Copying rule for the data below: pictures stay out, and only the lines from the one with "With the development" down to the one with "De atatea ori", inclusive, are repeated exactly.

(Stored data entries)
····················
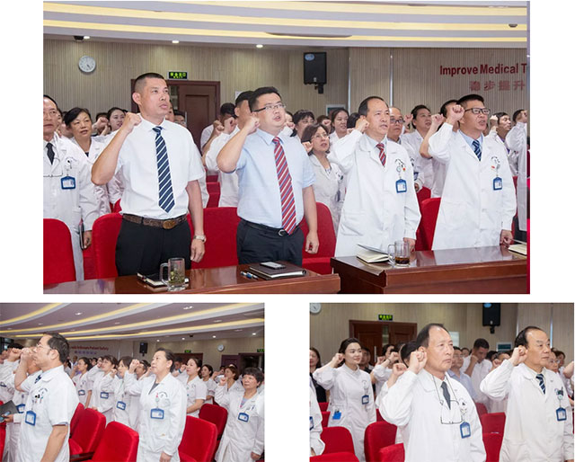 當日值守一線崗位的醫(yī)師們也在科室里重溫了醫(yī)師誓詞。
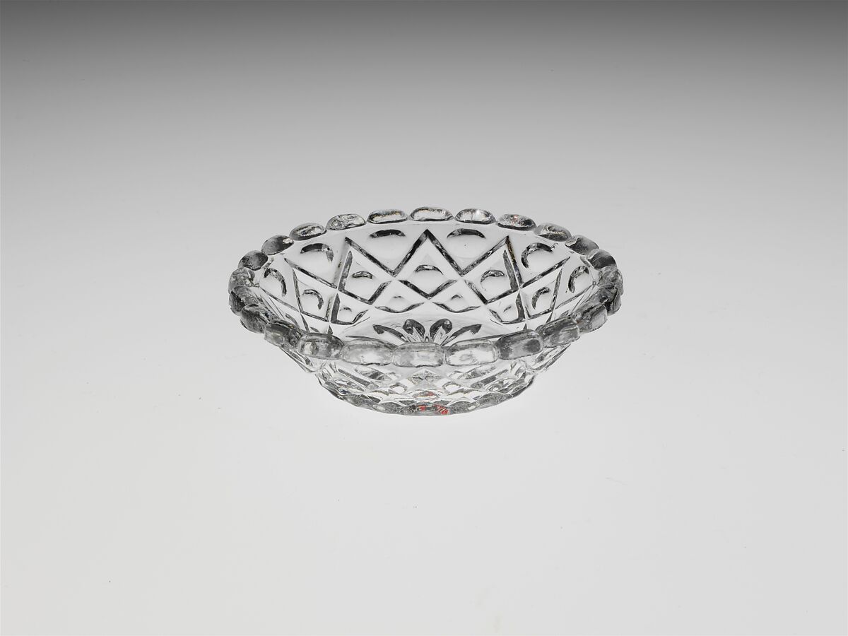 With the development of new formulas and techniques, glass-pressing technology had improved markedly by the late 1840s. By this time, pressed tablewares were being produced in large matching sets and innumerable forms. During the mid-1850s, colorless glass and simple geometric patterns dominated. Catering to the demand for moderately-priced dining wares, the glass industry in the United States expanded widely, and numerous factories supplied less expensive pressed glassware to the growing market. At the Exhibition of the Industry of All Nations at New York’s Crystal Palace in 1853, for example, the New England Glass Company exhibited 130 pieces of one design, "consisting of bowls, tumblers, champagnes, wines, and jelly glasses." This object belongs to one such service. Although the glass manufactory is not known, the glassware is very typical of the large services that were very popular with America’s middle class in the nineteenth century.
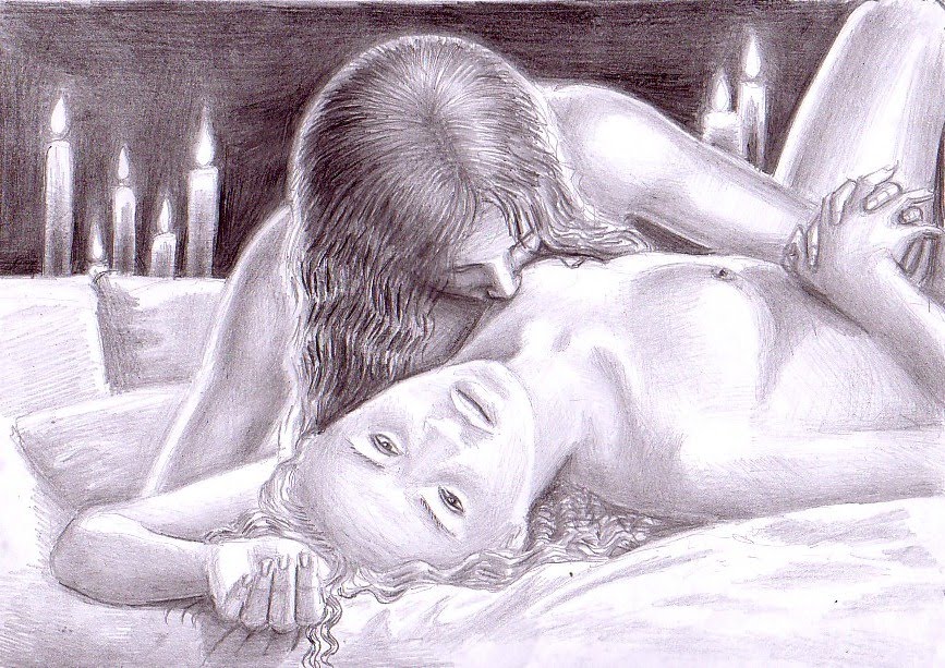 De atatea ori imi doresc sa fiu iubita, sa simt cum caldura iubirii ma inconjoara si ma acopera. Ieri am realizat acest desen imaginandu-mi ca stau intinsa in lumina lumanarilor iar fiinta iubita e langa mine si imi alinta trupul fin cu sarutari dulci si tandre
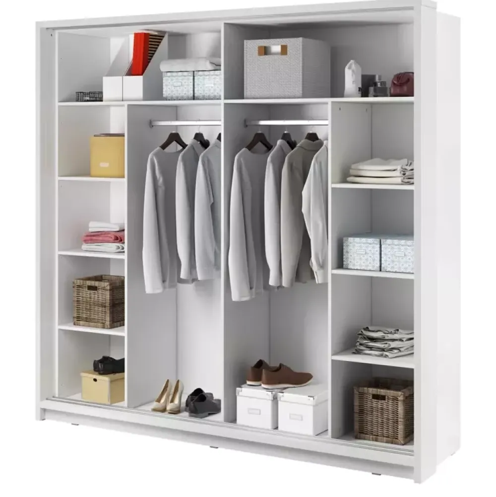 Szafa przesuwna ARTI została wyposażona w dwoje drzwi które zostały wzbogacone o lustra w nowoczesnym kształcie doskonale rozjaśniające oraz optycznie powiększające pomieszczenie. Za drzwiami przesuwnymi szafy do sypialni znajdują się dwa metalowe drążki na wieszaki z ubraniami o różnej długości.
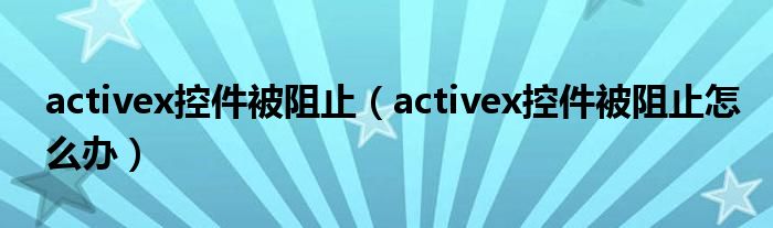 关于activex控件被阻止,activex控件被阻止怎么办这个很多人还不知道,今天菲菲来为大家解答以上的问题,现在让我们一起来看看吧!
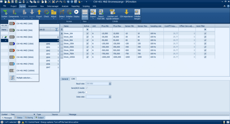 In addition to the CW-969 configuration software for the CW-401 MkII current clamps, CANWAY also provides a plug-in for the IPEmotion data acquisition software. Parameters such as CAN ID, output rate or signal name can be conveniently configured via the plug-in. Thanks to the standardised CAN ISO 11898-2 V2.0A or 2.0B standard, measurement modules from IPETRONIK and CW-401 MkII current clamps can be operated and measured on a CAN bus interface. The new release V01.00.49 includes functional enhancements such as auto-filter and a bus load display to be able to assess the utilisation of the CAN bus.
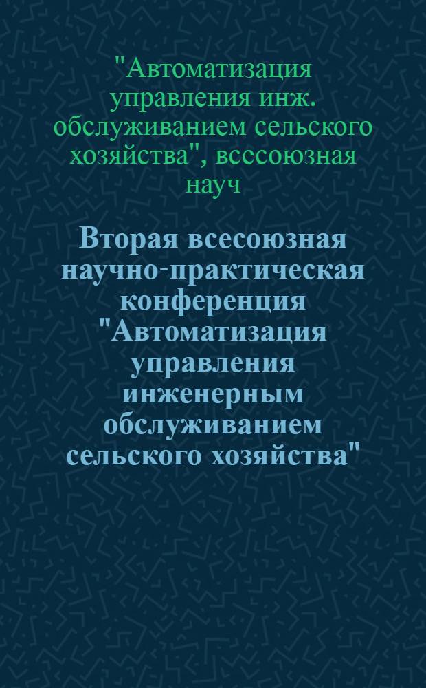 Вторая всесоюзная научно-практическая конференция "Автоматизация управления инженерным обслуживанием сельского хозяйства", Владимир - Суздаль, 23-25 окт. 1984 г. : Тез. докл
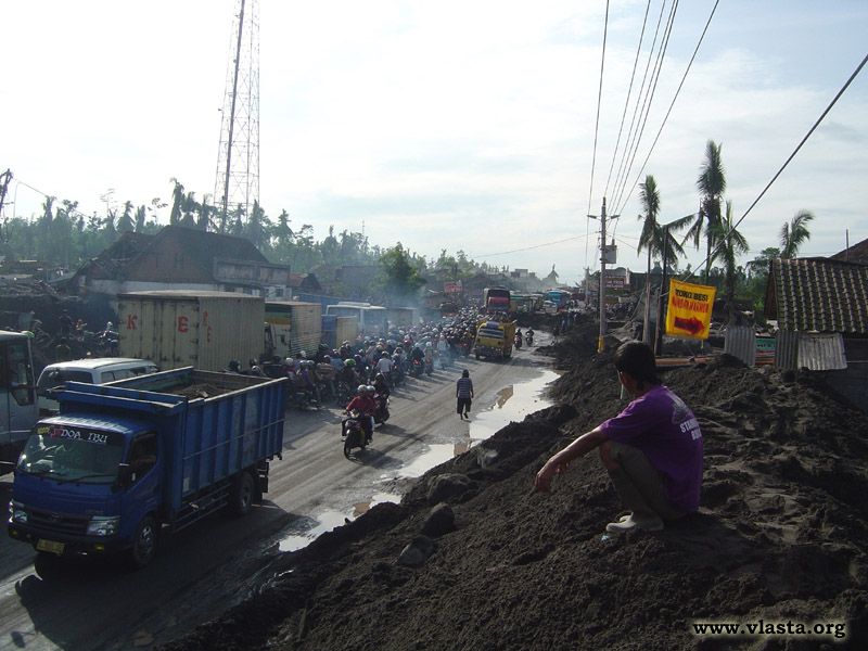 K největšímu buddhistickému chrámovému komplexu v Indonésii, k Borobudur, jedu na mopedu z asi 45 kilometrů vzdálené Yogyakarty. Půjčení mopedu stojí 50 000 IDR. Cestou projíždím místem, kde pracují na odstranění závalu bahna a lávy po nedávné erupci.
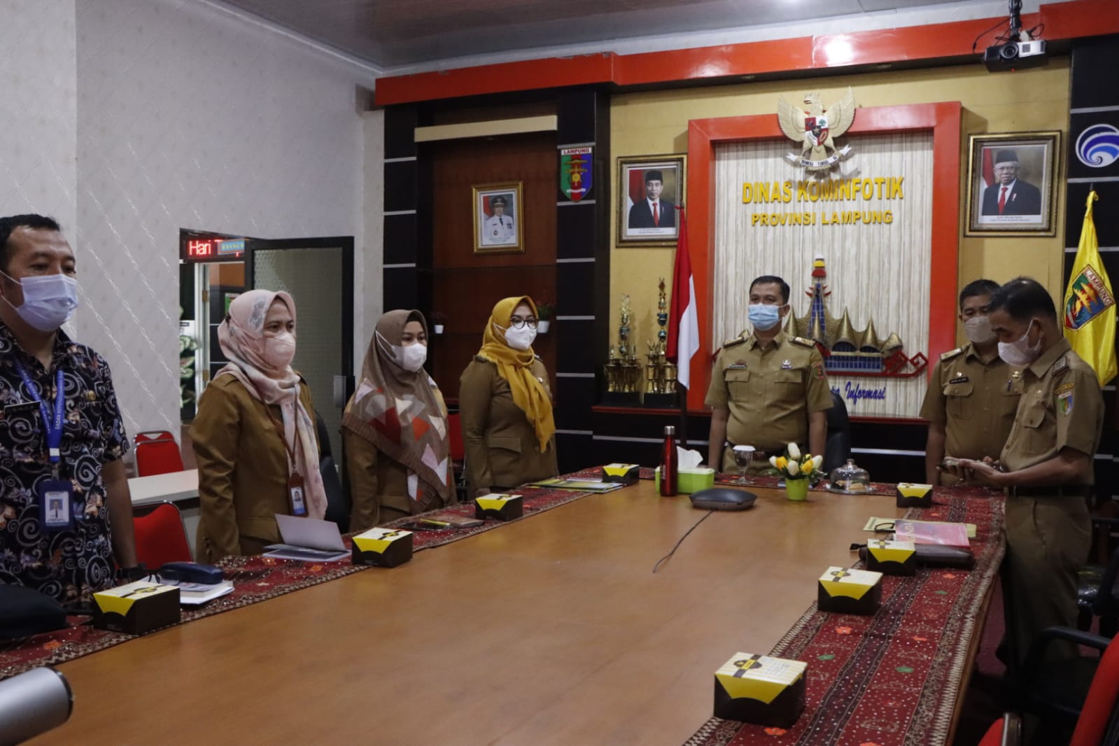 Video Conference Diskominfotik Provinsi Lampung, Selasa (14/12/2021).
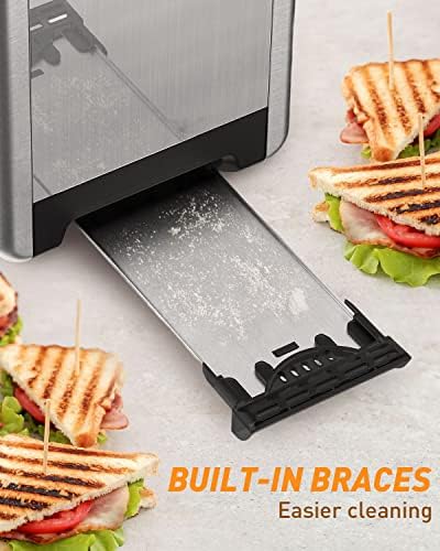 【Slide Out Crumb Tray】: Your toaster comes with a removable slide-out crumb tray, this is a quick and convenient way to remove crumbs. Always ensure that the toaster is unplugged and cooled down before removing the crumb tray. Easy to clean and dry the crumb tray then replace it with the toaster.
····················
Exercise response
 With the development of new formulas and techniques, glass-pressing technology had improved markedly by the late 1840s. By this time, pressed tablewares were being produced in large matching sets and innumerable forms. During the mid-1850s, colorless glass and simple geometric patterns dominated. Catering to the demand for moderately-priced dining wares, the glass industry in the United States expanded widely, and numerous factories supplied less expensive pressed glassware to the growing market. At the Exhibition of the Industry of All Nations at New York’s Crystal Palace in 1853, for example, the New England Glass Company exhibited 130 pieces of one design, "consisting of bowls, tumblers, champagnes, wines, and jelly glasses." This object belongs to one such service. Although the glass manufactory is not known, the glassware is very typical of the large services that were very popular with America’s middle class in the nineteenth century.
 De atatea ori imi doresc sa fiu iubita, sa simt cum caldura iubirii ma inconjoara si ma acopera. Ieri am realizat acest desen imaginandu-mi ca stau intinsa in lumina lumanarilor iar fiinta iubita e langa mine si imi alinta trupul fin cu sarutari dulci si tandre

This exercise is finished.